A climate change mural on a wall near the COP26 venue in Glasgow, Scotland. Source: Jeff J Mitchell/Getty Images News via Getty Images |
The COP26 climate summit, which kicks off in Glasgow, Scotland, on Oct. 31, marks another attempt to tie up a crucial loose end from the Paris Agreement on climate change: the creation of a global carbon market.
Negotiators need to agree on rules around emissions transparency and registration under a framework set out in Article 6 of the 2015 Paris accord, the landmark agreement designed to help limit global warning to 1.5 degrees C. The article would also prevent two countries separately claiming the same emissions reductions and create a United Nations mechanism certifying carbon credits that governments can use to offset emissions.
Article 6 is yet to be implemented, even with discussion at every COP since Paris, partly because of disagreement over whether countries should be able to include their unsold carbon credits in a new global trading system.
Addressing such sticking points would enable economies to leverage emissions trading for their net-zero goals, which may be strengthened if talks in Glasgow succeed, while improving accountability for polluting industries and countries. An agreement could help generate as much as $1 trillion per year by 2050 in support of climate targets, according to an Oct. 26 International Emissions Trading Association report.
"What difference does it make if you pledge something at a high level if the accounting and reporting is not accurate," Kevin Conrad, a climate negotiator for Papua New Guinea, said in an interview. "It makes a total disconnect."
Article 6 would bolster the market for voluntary carbon offsets, used by companies to offset emissions, and unleash a wave of investment and liquidity in a market that is tipped to grow by a factor of at least 15 by 2030, according to the Taskforce on Scaling Voluntary Carbon Markets.
An agreement on the issue in Glasgow is essential in holding polluters accountable under a global system and strengthening emissions reductions over time, said Conrad, who is also executive director of the Coalition for Rainforest Nations, a climate advocacy group representing more than 50 nations.

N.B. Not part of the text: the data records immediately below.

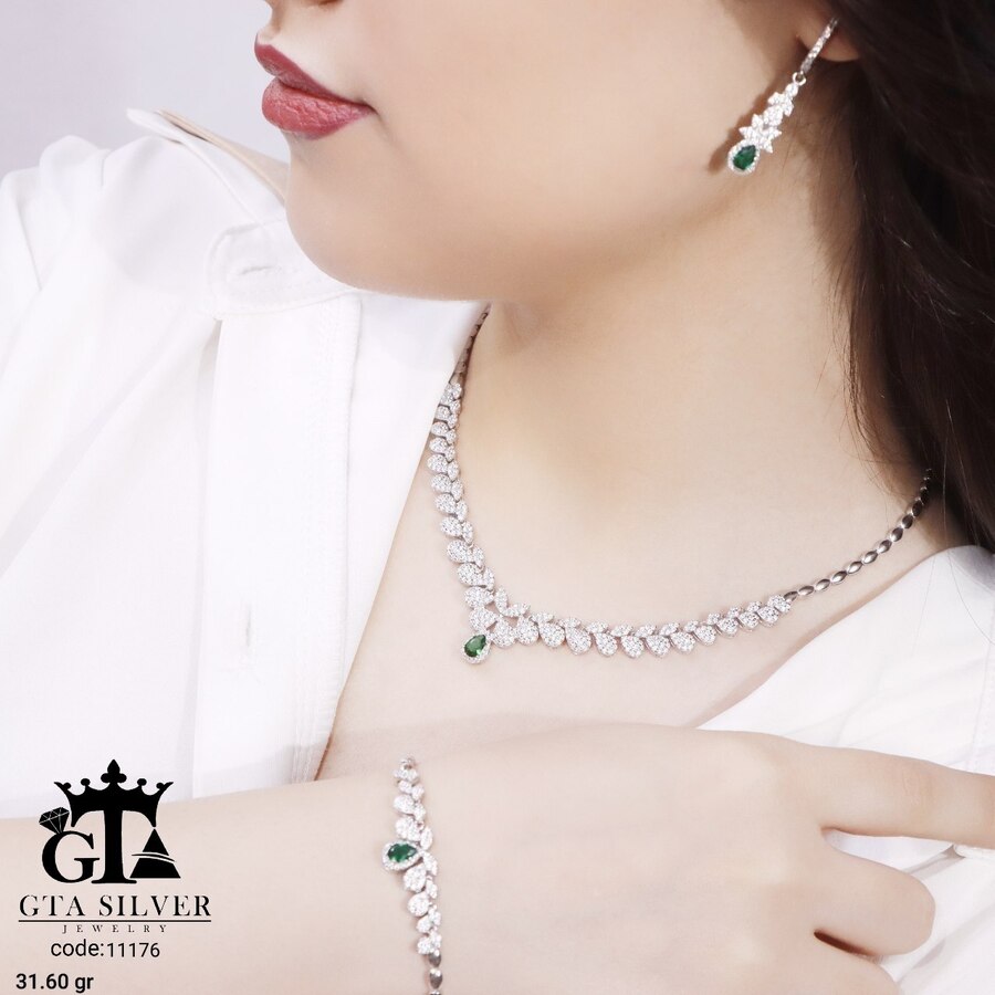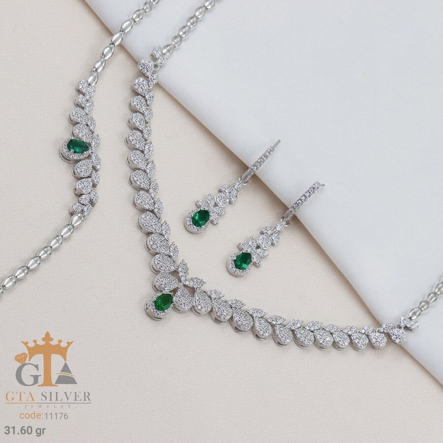 سرویس نقره مدل مارسا همراه با روکش آبطلای سفید؛ عیار 925، تمامی نگین های این سرویس جدید با روش جدید میکروستینگ مخراج کاری شده است.
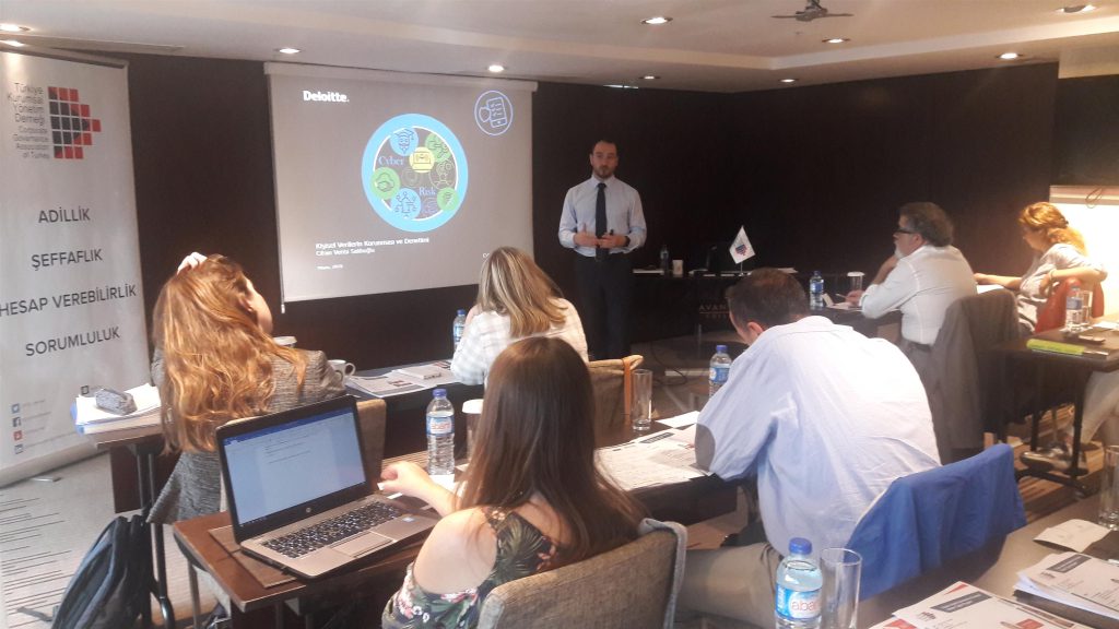 Kişisel Verilerin Korunması ve Kurumsal Yönetim Eğitimi 23 Mayıs 2018 tarihinde Avantgarde Otel’de düzenlendi. Eğitimin konuşmacıları; Hergüner Bilgen Özeke Avukatlık Ortaklığından Kıdemli Avukat Melike Gençalp ve Deloitte Türkiye Kıdemli Müdürü Cihan Vehbi Salihoğlu oldu. Av. Melike Gençalp; Kişisel Verilerin Korunması Kanunu’na Uyumun Hukuki Boyutu ve Sürekliliğinin Sağlanması konusunu katılımcılara aktarırken, Cihan Vehbi Salihoğlu Kişisel Verilerin Korunması Kanunu’na göre denetim konusunda katılımcıları bilgilendirdi.
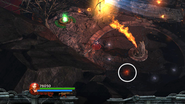 OUTSIDE THE ANCIENT CRYPT: At the top of the steps to the west of the MAIN GATE, is the blue-lit entrance to an ancient crypt (shown in the SW corner of the level map). Before going inside, use the HEALTH SHRINE if necessary. Then move carefully around the ring with the rotating flame jet to gather gems and a red skull (2/10). (screenshot) Take care of the red lizards that spawn near the crypt entrance.
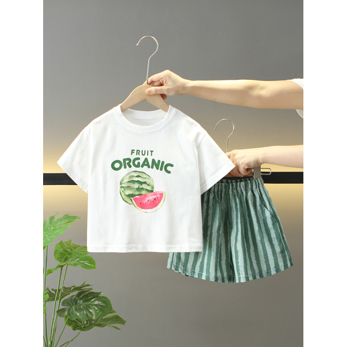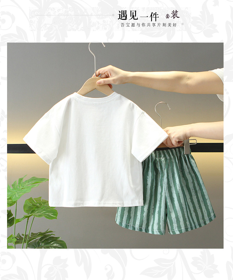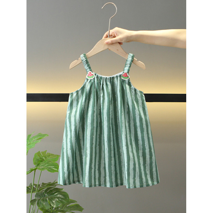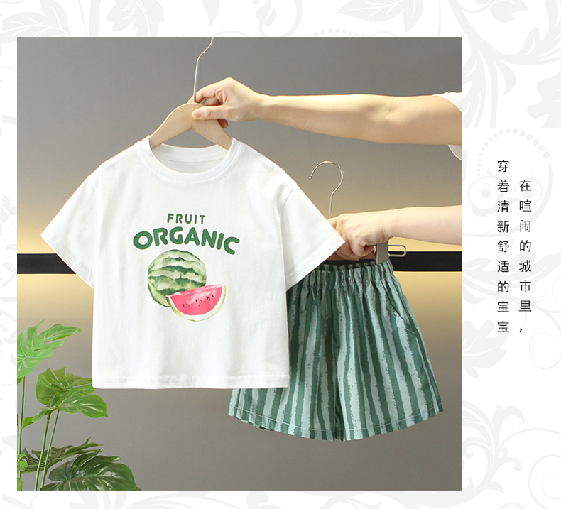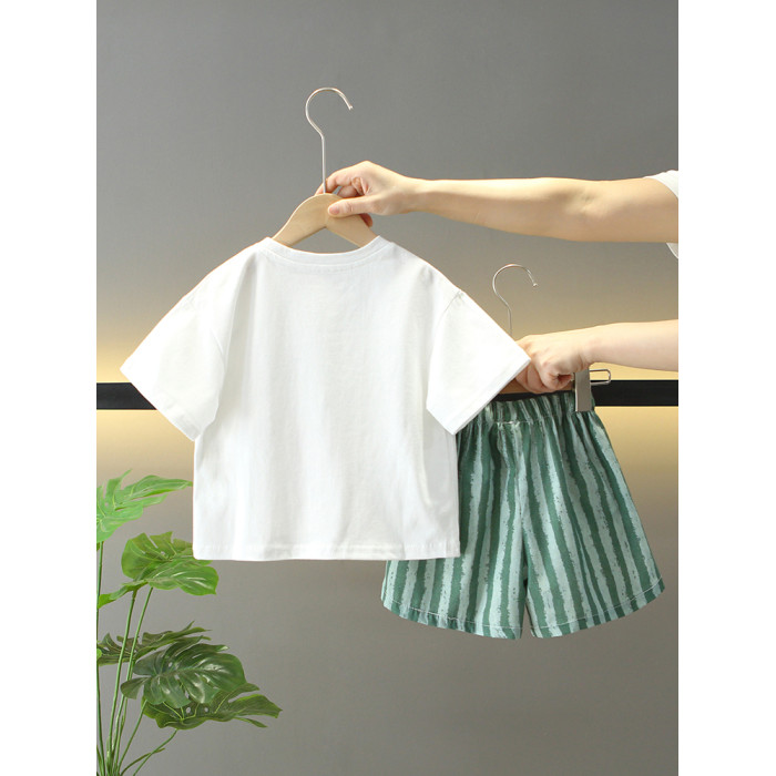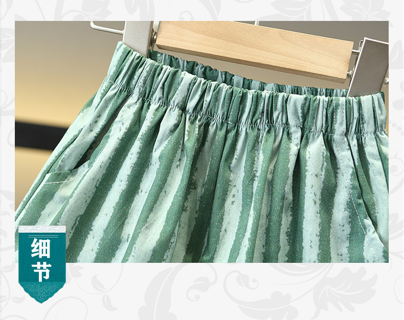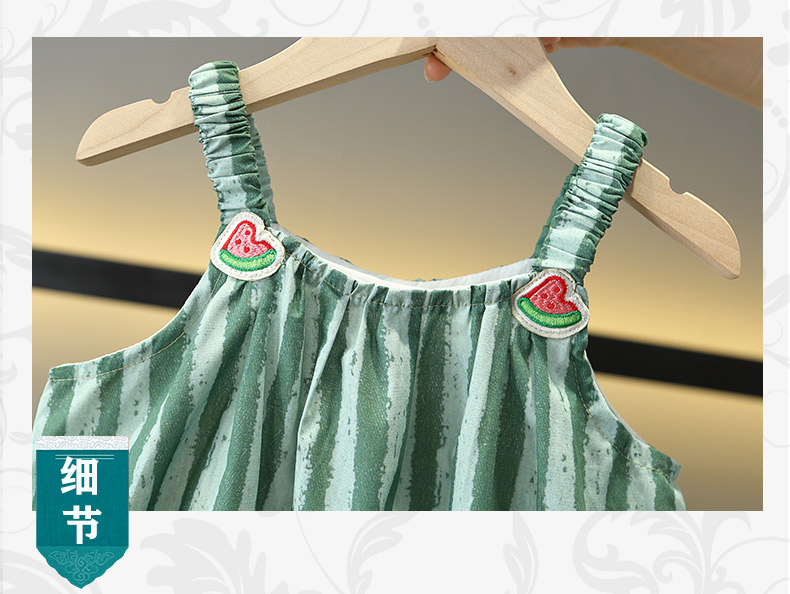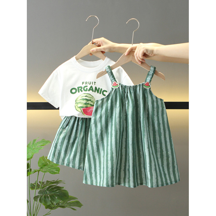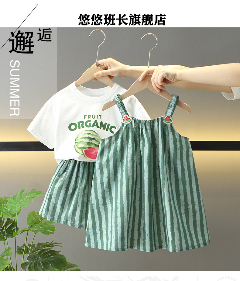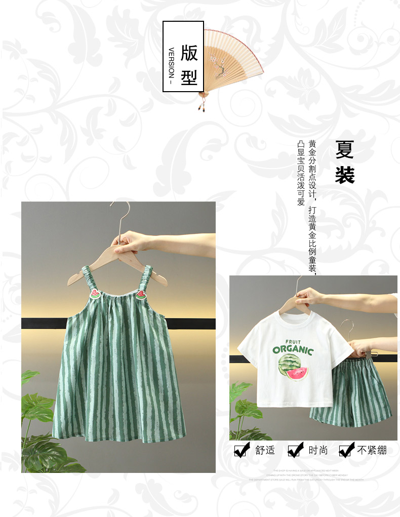 兒童夏季兄妹裝2025新款洋氣男女寶寶卡通西瓜短袖條紋短褲吊帶裙
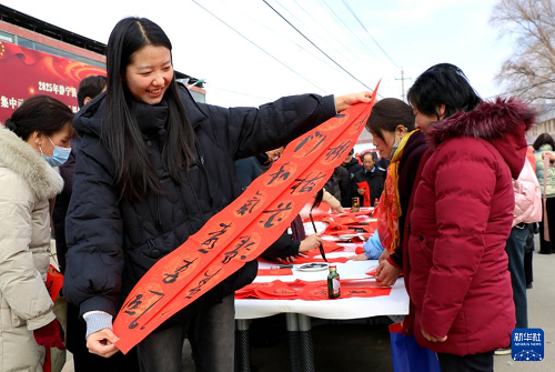 1月21日,在甘肅省平?jīng)鍪徐o寧縣原安鎮(zhèn)齊埂村舉行的靜寧縣文化科技衛(wèi)生“三下鄉(xiāng)”集中示范活動(dòng)現(xiàn)場(chǎng),村民喜領(lǐng)志愿者書寫的春聯(lián)。(新華社發(fā) 王毅 攝)
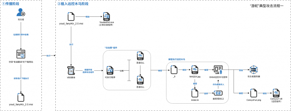 After the first type of sample is run, the normal “NetEase translation installation software” is released, and the VBS script is executed covertly. The VBS script queries whether there are 360 * * * .exe, QQ * * * .exe and Hips * * * .exe processes by executing WMI, and selects different attack components according to the results. Although these attack components are different, they all use the same decryption means to decrypt the “_ 8” file to get the NHQDX. jpg file. The file decrypts the data at the specified offset to obtain the Gh0st remote control Trojan variant, and selects the corresponding 80 built-in C2 addresses according to the instal. ini configuration file to decrypt. Consysfun.png is a remote control plug-in that is encrypted and the attacker sends instructions to the remote control Trojan horse to call the specified function in the remote control Trojan horse plug-in “Consys21.dll.”
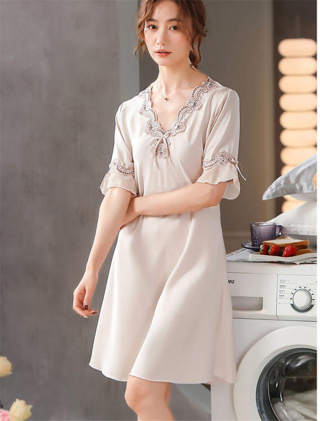 パジャマ レディース ルームウェア 半袖 レース 寝巻き 春夏 ネグリジェ ワンピース シルクタッチ 光沢 寝間着 部屋着 ゆったり 体型カバー
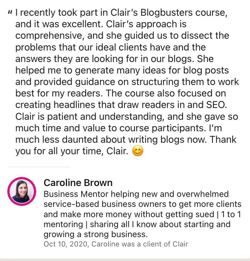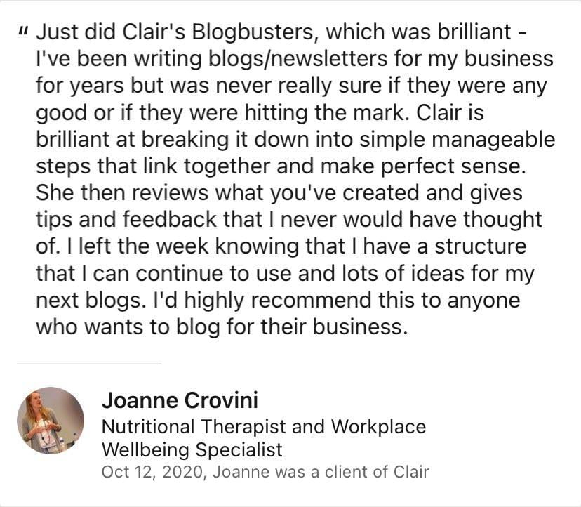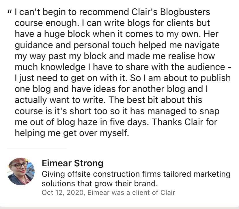 Blogbusters is for you if you want to feel more confident about your messaging and it can help make creating regular content feel easier and more achievable.
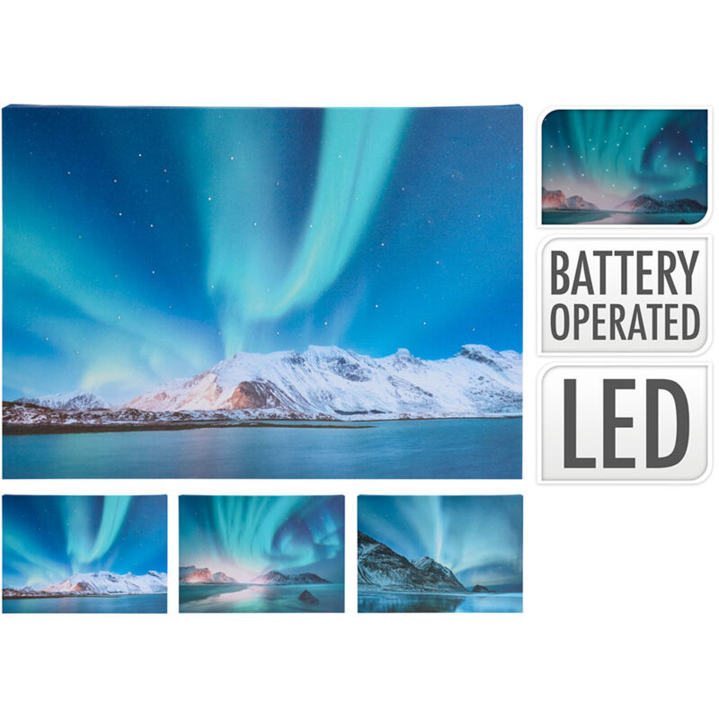 Quadro 3 motivi variegati con luci aurora boreale.. materiale: tela e mdf, misure: 28x38cm, (larghezza/altezza) peso: 375g, 3 scene aurora varie. ognuna con 40 punti lampeggianti. 2 batterie aa non incluse.
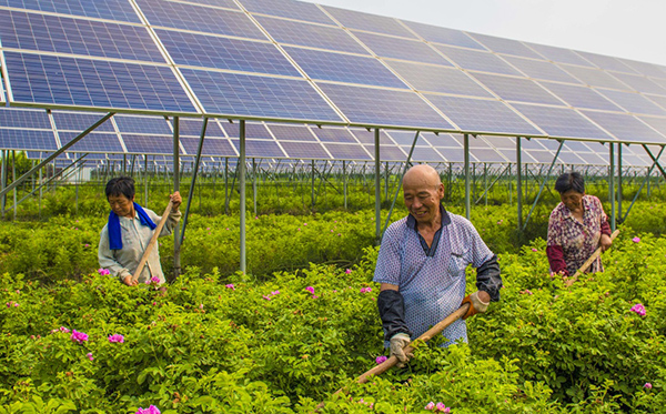 7月18日,農(nóng)民在棗強(qiáng)縣棗強(qiáng)鎮(zhèn)八里莊村“農(nóng)光互補(bǔ)”光伏發(fā)電場的油用玫瑰田里勞作。
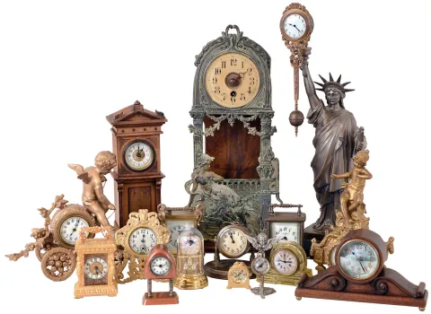 Clocks- 16 (Sixteen) Novelty: assortment of vintage and modern, cast metal and wood, all mechanical except for Horolovar miniature anniversary quartz. Other makers include Waterbury, Junghans, Roskopf, New Haven, etc. The Statue of Liberty swinger has a Junghans-type clock. 20th century these clocks overall are in good original condition, with several running, but are sold as is with no further details available. Ht of Statue of Liberty figural, with arm, 18 in
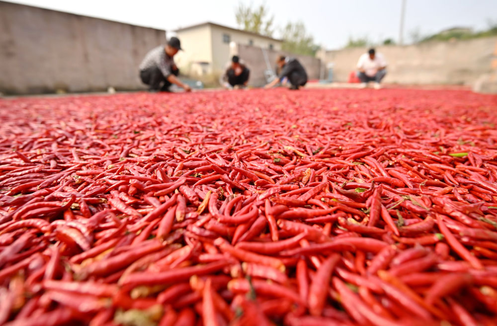 ↑10月14日,河北省滦州市油榨镇周寨子村一家辣椒种植合作社的社员在晾晒朝天椒。新华社记者 杨世尧 摄
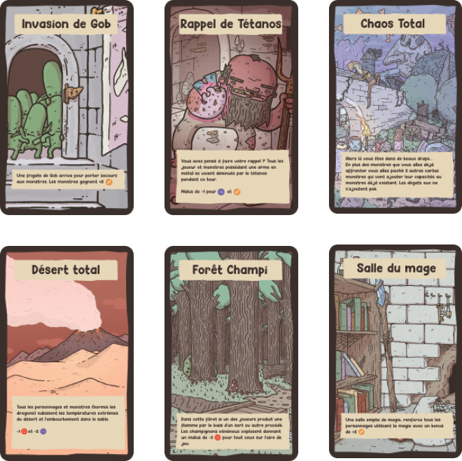 La combinaison unique résultante de ces trois cartes créera la situation que le joueur va devoir résoudre.
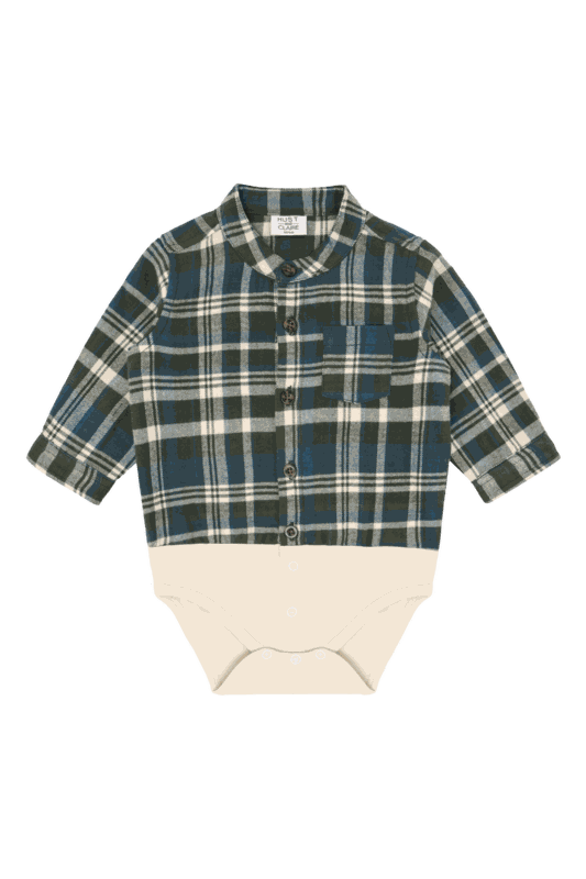 Der Hust & Claire Hemdbody verbindet klassischen Stil mit kindgerechtem Komfort. Das schöne Karomuster im oberen Bereich trifft auf den beigen Baumwolljersey im unteren Bereich - ein harmonisches Design für jeden Anlass.

Companies, cities, states and countries should all become part of the global accounting system, he said.
"The voluntary markets aren't even close to that kind of ambition, that kind of robustness," Conrad said.
A global price on carbon
Once Article 6 is finalized, attention would turn to trying to negotiate a global price of carbon. Reaching net-zero emissions by 2050 would require a price of $100 per tonne of CO2, according to a Reuters poll of climate economists, incentivizing the switch to renewables.
But like with other climate issues, reaching a consensus on a carbon price will not be easy. "I am not personally optimistic about an internationally agreed carbon price; there have been no real breakthroughs," said Faustine Delasalle, co-executive director of climate group Mission Possible, which works on climate action with 300 companies in industrial sectors that are difficult to decarbonize.
Industrial sectors are most impacted by carbon pricing regimes and also face strong international competition, Delasalle said, especially if production can be shifted to jurisdictions where pollution is cheaper or not priced at all, an effect called carbon leakage.
Delasalle sees movement at a national level, with countries developing new approaches to carbon pricing. "The fact that the EU is speaking openly about a carbon border is a major breakthrough," she said in an Oct. 12 interview.
Sectors like steel and chemicals, which are harder and costlier to decarbonize, are not yet at the forefront of COP negotiations and often not even featured in countries' Nationally Determined Contributions, or NDCs, despite representing about one-third of global emissions, Delasalle said. "Governments reach to the lowest-hanging fruits."
Calls for nearer-term targets
Implementing Article 6 successfully would allow nations to leverage carbon markets in their quest for net-zero. Economies like the U.S. and U.K., as well as the EU, have among the most ambitious emissions-reduction goals in place.
"[The targets] are going to require very radical measures in all of those countries," Peter Betts, a former U.K. and EU climate negotiator, said in an interview. "There are going to be moments ... where there are real crunches, where the policy really starts to bite."
One of the chief goals of the Glasgow talks is a strengthening of countries' NDCs. While many economies now have ambitions to be carbon neutral by 2050 or 2060, not all of them have interim goals that would help improve visibility for businesses.
"If you had 2050 profit targets and you presented them to analysts, they would say, 'That's all very interesting but show me what you're doing in the next four quarters,'" John Browne, former CEO of oil major BP PLC, said at the BNEF Summit in London on Oct. 18 about the need for interim targets.
The adoption of nearer-term goals would help avoid delaying climate action, according to Benito Müller, convener of international climate policy research at the University of Oxford's Environmental Change Institute.
If countries just have a long-term net-zero target, there is a "tremendous" temptation to procrastinate, Müller said in an interview. Having regular interim targets and assessments "is very important to avoid that," he said.
While strengthened commitments from the big emitters might prove to be one success from Glasgow, issues like Article 6 remain at the behest of the COP's format of consensus-based negotiation.
"Everything is consensus," Betts said. "In a way it's remarkable how much has been achieved [through the COP process] so far."